Sometimes the choices are far too many to fit into a small window. A scan feature helps the user quickly select among them. This opens up a large window, showing all the choices, with smaller groups out of these successively appearing in a smaller window. A word appearing in the large window informs the user that eLocutor is able to offer him a shortcut to typing that word. He now waits for it to appear in the smaller window, when he clicks. The large window disappears, and the choices from the smaller window, about a dozen, now become available to the user through the tree, as usual.

Figure 30-1. The eLocutor screen


Screen real estate is again rezoned when the user stops typing and starts to scroll the text, at which time the screen displays as much text as it can before and after the insertion point.

We needed to be as smart in prediction as we could manage, so as to make best possible use of the clicks a disabled user laboriously produces. The intelligence we built in is of three kinds:


A relational database

When the user enters the first few characters of a word, a search in the dictionary table provides suggestions for how to complete it. An analysis of previous text produced by the user also indicates what word the user might select next.


A cache

This takes advantage of patterns in user behavior.
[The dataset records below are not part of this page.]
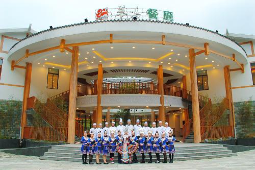 双龙沟梦呜餐厅主打民族特色风味餐,游客在餐厅用餐可以观看苗族芦笙歌舞表演,品尝特色风味美食,还可以体验到苗族“呀——呜”喊酒习俗,和“高山流水”敬酒,来双龙沟原始森林度假区旅游一定给你留下美好的回忆。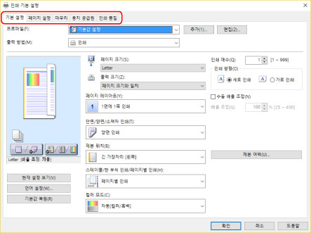 인쇄 화면에서 사용 중인 디바이스를 선택 → [기본 설정], [프린터 속성] 또는 [속성]을 클릭합니다.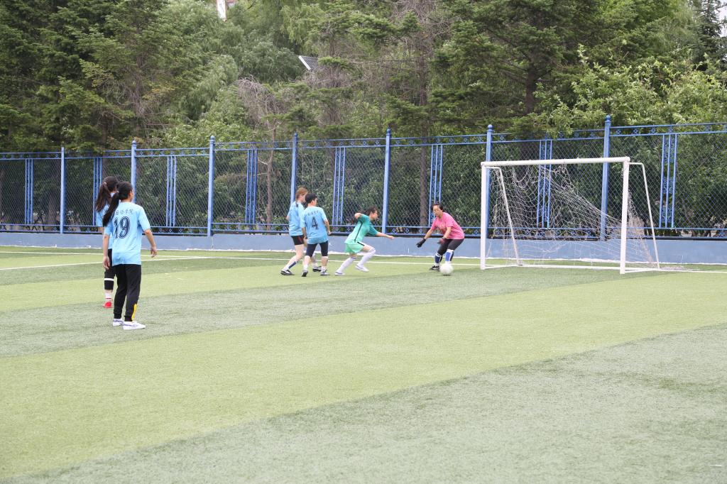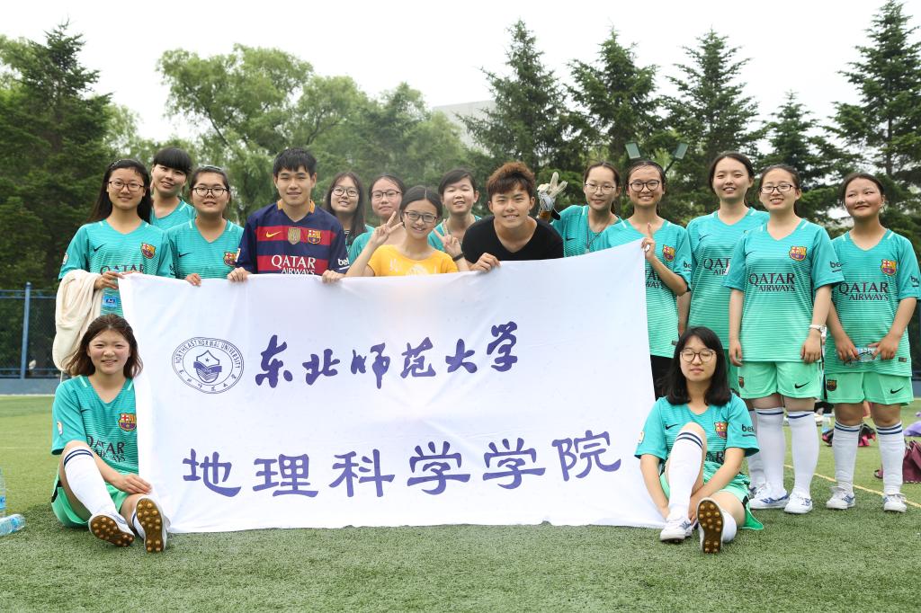 6月18日中午,由东北师范大学公共体育教研室主办的女子足球四强赛在足球场顺利举行。比赛得到了全校同学的热烈反响和积极参与。本场比赛为地理科学学院对抗外国语学院。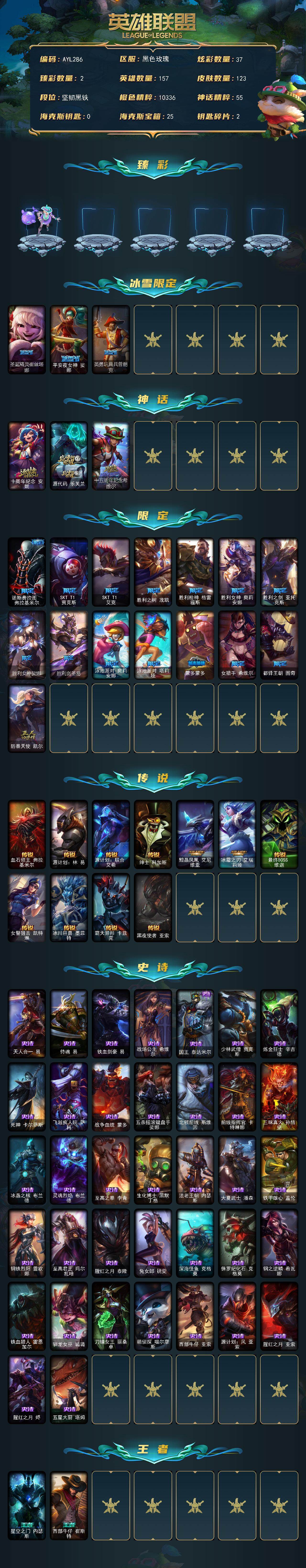 [15467280]【店主推荐捡漏号】未定级段位-157英雄-123皮肤-37炫彩-0终极-3神话-18限定-11传说-37史诗 【臻彩皮肤】:泳池派对奥莉安娜优雅珠光鲸,魔女阿卡丽虚荣 【冰雪限定】:圣诞精灵崔丝塔娜,平安夜女神娑娜,英勇玩具兵普朗克 【神话皮肤】:十周年纪念安妮,源代码乐芙兰,十五周年纪念希维尔 【限定皮肤】:诺斯费拉图弗拉基米尔,SKTT1贾克斯,SKTT1艾克,胜利之树茂凯,胜利枪神格雷福斯,胜利女神奥莉安娜,胜利之剑亚托克斯,胜利女神娑娜,胜利剑圣易,泳池派对奥莉安娜,泳池派对塔莉垭,蒙多蒙多,女猎手希维尔,都铎王朝图奇,防暴天使凯尔 【传说皮肤】:血石领主弗拉基米尔,源计划林易,源计划联合艾希,绅士科加斯,黯晶凤凰艾尼维亚,冰霜之刃艾瑞莉娅,最终BOSS维迦,女警狙击凯特琳,冰川巨兽墨菲特,霸天异形卡兹克,黑夜使者亚索 【史诗皮肤】:天人合一易,侍魂易,铁血剑豪易,战场公主希维尔,国王泰达米尔,少林武僧贾克斯,炼金狂士辛吉德,死神卡尔萨斯,飞越疯人院萨科,战争血统蒙多,五杀摇滚键盘手娑娜,北领前线斯维因,前线指挥官卡特琳娜,三昧真火孙悟空,冰晶之核布兰德,灵魂烈焰布兰德,至高之拳李青,生化博士黑默丁格,法老王朝内瑟斯,大夏武士潘森,铁甲雄心盖伦,钢铁烈阳蕾欧娜,至高君王玛尔扎哈,腥红之月泰隆,兔女郎锐雯,深海怪鱼克格莫,侏罗纪化石克格莫,钢之逆鳞希瓦娜,铁血猎人雷恩加尔,驯龙女巫璐璐,刀锋女王丽桑卓,萌侦探喵尔摩斯,西部牛仔亚索,源计划风亚索,腥红之月亚索,腥红之月烬,五星大厨塔姆 【王者皮肤】:星空之门内瑟斯,西部牛仔崔斯特 【勇士皮肤】:冰河时代奥拉夫,创意工坊黑默丁格 【典藏皮肤】:宗师级锻造训练师 【其他皮肤1】:潮流女王乐芙兰,荒野幽灵费德提克,暗影易,玉剑传说无极,部落精神瑞兹,游击队员崔丝塔娜,梦魇泰达米尔,腥红之月伊芙琳,横行霸道图奇,五杀摇滚主唱卡尔萨斯,尼斯巨兽科加斯,狂欢阿木木,沙之守护拉莫斯,翼龙艾尼维亚,健美教练蒙多,缪斯女神娑娜,老兵普朗克,大力水手普朗克,绿野仙踪维迦,铁锈斑斑布里茨,擂台皇帝布里茨,戴一个表布里茨,暮色枪骑布里茨,幻影梦魔魔腾,荒野之咬雷克顿,银河魔装机神伊莉丝,猎天使魔女薇恩,独眼海盗兰博,沙之守护斯卡纳,单身贵族内瑟斯,乡村农夫古拉加斯,狂热球迷古拉加斯,足球先生伊泽瑞尔,蜂刺阿卡丽,银色闪电凯南,空手道
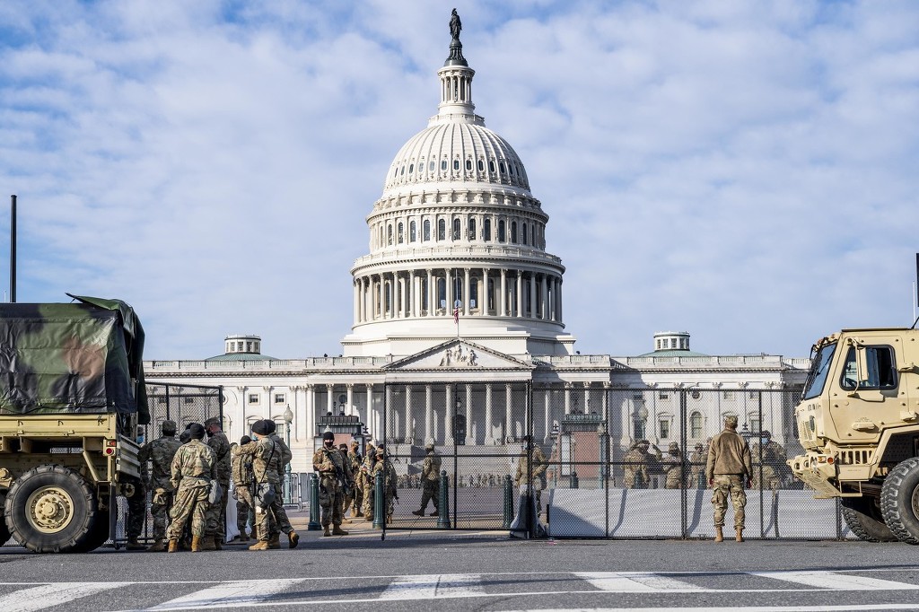 國民警衞隊在國會大廈附近嚴陣以待,圖自澎湃影像

We cache not only frequently used words, but also filenames, search terms, spoken text, and paths in decision-making, so that the user can easily reproduce a sequence of steps.


Special groupings

This kind of intelligence takes advantage of natural grouping of words, such as city names, food items, parts of speech, etc. These groupings allow the user to construct new sentences out of old ones, by quickly replacing words in commonly used phrases with others that are similar. For instance, if the sentence "Please bring me some salt" is in the database, a few clicks allow the construction of "Please take her some sugar."
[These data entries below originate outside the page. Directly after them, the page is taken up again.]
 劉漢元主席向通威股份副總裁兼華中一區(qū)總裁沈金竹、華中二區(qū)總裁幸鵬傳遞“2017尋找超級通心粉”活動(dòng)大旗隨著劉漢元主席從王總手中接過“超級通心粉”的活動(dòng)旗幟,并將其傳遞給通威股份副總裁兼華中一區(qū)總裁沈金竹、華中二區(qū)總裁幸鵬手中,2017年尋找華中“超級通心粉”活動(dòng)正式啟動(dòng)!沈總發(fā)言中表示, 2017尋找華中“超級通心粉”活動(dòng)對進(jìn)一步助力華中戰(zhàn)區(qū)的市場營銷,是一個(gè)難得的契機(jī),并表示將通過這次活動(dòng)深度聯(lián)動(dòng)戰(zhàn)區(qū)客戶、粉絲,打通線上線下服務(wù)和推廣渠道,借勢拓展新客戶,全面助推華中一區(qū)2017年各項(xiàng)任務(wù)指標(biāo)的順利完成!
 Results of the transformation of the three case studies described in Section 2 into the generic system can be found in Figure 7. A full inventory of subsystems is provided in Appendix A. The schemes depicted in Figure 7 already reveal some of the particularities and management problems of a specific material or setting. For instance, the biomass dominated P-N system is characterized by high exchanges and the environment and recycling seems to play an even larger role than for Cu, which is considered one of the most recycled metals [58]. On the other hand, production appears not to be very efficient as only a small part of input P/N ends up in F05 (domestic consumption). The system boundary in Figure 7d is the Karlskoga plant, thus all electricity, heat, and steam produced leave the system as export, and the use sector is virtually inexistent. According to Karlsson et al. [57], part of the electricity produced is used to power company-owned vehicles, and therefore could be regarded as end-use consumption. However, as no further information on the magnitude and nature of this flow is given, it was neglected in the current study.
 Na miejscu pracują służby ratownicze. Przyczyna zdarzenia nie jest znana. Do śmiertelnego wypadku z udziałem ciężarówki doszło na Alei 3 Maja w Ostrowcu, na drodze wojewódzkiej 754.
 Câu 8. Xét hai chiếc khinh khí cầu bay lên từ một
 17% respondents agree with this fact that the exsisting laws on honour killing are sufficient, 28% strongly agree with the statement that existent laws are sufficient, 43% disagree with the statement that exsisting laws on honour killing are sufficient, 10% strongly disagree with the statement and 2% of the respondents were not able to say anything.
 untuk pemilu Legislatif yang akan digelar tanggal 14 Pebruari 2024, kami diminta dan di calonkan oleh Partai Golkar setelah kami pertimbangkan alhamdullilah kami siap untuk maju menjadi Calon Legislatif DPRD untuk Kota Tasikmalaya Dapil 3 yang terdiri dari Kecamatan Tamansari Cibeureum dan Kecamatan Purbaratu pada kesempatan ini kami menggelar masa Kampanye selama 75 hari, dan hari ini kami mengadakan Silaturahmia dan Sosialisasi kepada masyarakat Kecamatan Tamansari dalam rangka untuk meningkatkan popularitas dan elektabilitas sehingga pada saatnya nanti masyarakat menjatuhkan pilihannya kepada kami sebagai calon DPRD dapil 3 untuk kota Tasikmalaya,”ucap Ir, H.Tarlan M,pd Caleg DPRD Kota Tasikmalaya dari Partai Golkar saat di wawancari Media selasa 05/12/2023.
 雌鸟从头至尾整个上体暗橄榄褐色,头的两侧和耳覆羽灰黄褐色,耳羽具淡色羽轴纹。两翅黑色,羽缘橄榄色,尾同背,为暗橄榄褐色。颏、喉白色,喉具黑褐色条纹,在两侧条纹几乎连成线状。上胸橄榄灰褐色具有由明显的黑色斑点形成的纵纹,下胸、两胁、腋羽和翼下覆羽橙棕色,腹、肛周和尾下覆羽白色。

Uniting all the available options is the tree, similar to a menu hierarchy. In the tree, the choices are highlighted one after another, revolving at a fixed rate. The tree structure also extends naturally to subsets of options, such as the special groupings of words just described.

The various elements of the screen in Figure 30-1 need some explanation. The active portion of text that the user wishes to edit is shown in the middle box, while the contents of the boxes above and below it adapt to what the user is doing. To the right, and below, are predictions the software makes about what you might wish to type next.
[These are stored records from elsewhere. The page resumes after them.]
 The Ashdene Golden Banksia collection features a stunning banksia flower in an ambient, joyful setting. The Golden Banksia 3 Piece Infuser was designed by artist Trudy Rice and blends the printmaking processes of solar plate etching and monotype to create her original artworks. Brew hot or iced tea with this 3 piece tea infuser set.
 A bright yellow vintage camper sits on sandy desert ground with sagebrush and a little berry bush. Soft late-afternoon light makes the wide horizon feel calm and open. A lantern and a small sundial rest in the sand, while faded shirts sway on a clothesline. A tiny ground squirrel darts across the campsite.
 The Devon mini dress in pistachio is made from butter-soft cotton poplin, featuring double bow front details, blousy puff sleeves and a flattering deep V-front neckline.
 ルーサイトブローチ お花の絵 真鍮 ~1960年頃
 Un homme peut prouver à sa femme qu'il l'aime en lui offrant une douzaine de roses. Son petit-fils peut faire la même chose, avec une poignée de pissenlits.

The text in the upper-righthand corner (shown in red on the user's screen) consists of suggestions for replacing the last word, which are useful if you have typed a few characters of a word and would like eLocutor to guess the rest. Below that, in black, are suggestions for the next word if you have finished typing the last one. Groups of punctuation characters are treated as words, too, and since the last word consists of alphanumeric characters, the next one will be punctuation characters, as shown on the right side of Figure 30-1.

When the user is typing sentences similar to ones already typed, the suggestions at the bottom come in handy. The attention of the user, however, is mostly on the tree to the left, which is the only way she can take advantage of all the information on offer to influence the text in the middle box.

Below the tree, the user can see how many choices of various kinds are available to her, as well as other useful information discussed later.

The interface moves through the tree sequentially. With the one button at her disposal, the user clicks at the right time when the item she wishes to select is highlighted. The different windows in the screen show the user the options available for the next word, word completion, phrase completion, etc. To take advantage of these options, she must navigate until the corresponding choice is offered to her in the menu tree.